**Task brief**
Using the entries that follow, write out the line containing "formula = 'y ~ x'", the line containing "Limitované vydání. Z", and every line between them, exactly and nothing else.

**Materials provided**
------------------------------------------------
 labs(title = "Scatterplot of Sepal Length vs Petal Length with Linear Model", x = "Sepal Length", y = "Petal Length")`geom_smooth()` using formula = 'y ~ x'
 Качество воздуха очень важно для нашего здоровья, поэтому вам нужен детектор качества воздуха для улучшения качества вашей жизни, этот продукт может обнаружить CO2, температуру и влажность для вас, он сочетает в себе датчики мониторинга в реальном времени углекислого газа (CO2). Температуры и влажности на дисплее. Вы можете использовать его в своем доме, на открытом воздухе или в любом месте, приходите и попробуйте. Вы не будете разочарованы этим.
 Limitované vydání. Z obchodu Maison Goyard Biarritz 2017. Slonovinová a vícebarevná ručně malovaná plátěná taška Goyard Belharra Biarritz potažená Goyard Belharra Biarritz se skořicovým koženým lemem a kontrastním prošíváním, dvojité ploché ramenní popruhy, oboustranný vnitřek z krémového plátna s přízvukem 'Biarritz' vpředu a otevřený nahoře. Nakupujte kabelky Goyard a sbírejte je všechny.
------------------------------------------------
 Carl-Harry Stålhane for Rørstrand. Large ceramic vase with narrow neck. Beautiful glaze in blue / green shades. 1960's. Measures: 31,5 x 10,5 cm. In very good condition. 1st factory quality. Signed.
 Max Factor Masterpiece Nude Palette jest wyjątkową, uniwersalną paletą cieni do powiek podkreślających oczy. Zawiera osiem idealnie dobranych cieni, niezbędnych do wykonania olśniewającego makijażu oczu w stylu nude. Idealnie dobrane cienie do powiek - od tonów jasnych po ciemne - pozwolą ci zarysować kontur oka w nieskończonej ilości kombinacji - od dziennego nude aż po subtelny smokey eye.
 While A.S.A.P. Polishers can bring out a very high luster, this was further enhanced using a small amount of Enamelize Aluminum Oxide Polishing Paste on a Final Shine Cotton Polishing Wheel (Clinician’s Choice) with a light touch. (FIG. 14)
------------------------------------------------
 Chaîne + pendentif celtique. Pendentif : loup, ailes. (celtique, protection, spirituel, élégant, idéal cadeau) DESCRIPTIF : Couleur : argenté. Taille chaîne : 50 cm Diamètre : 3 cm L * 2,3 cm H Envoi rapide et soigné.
------------------------------------------------
**Result below**
 labs(title = "Scatterplot of Sepal Length vs Petal Length with Linear Model", x = "Sepal Length", y = "Petal Length")`geom_smooth()` using formula = 'y ~ x'
 Качество воздуха очень важно для нашего здоровья, поэтому вам нужен детектор качества воздуха для улучшения качества вашей жизни, этот продукт может обнаружить CO2, температуру и влажность для вас, он сочетает в себе датчики мониторинга в реальном времени углекислого газа (CO2). Температуры и влажности на дисплее. Вы можете использовать его в своем доме, на открытом воздухе или в любом месте, приходите и попробуйте. Вы не будете разочарованы этим.
 Limitované vydání. Z obchodu Maison Goyard Biarritz 2017. Slonovinová a vícebarevná ručně malovaná plátěná taška Goyard Belharra Biarritz potažená Goyard Belharra Biarritz se skořicovým koženým lemem a kontrastním prošíváním, dvojité ploché ramenní popruhy, oboustranný vnitřek z krémového plátna s přízvukem 'Biarritz' vpředu a otevřený nahoře. Nakupujte kabelky Goyard a sbírejte je všechny.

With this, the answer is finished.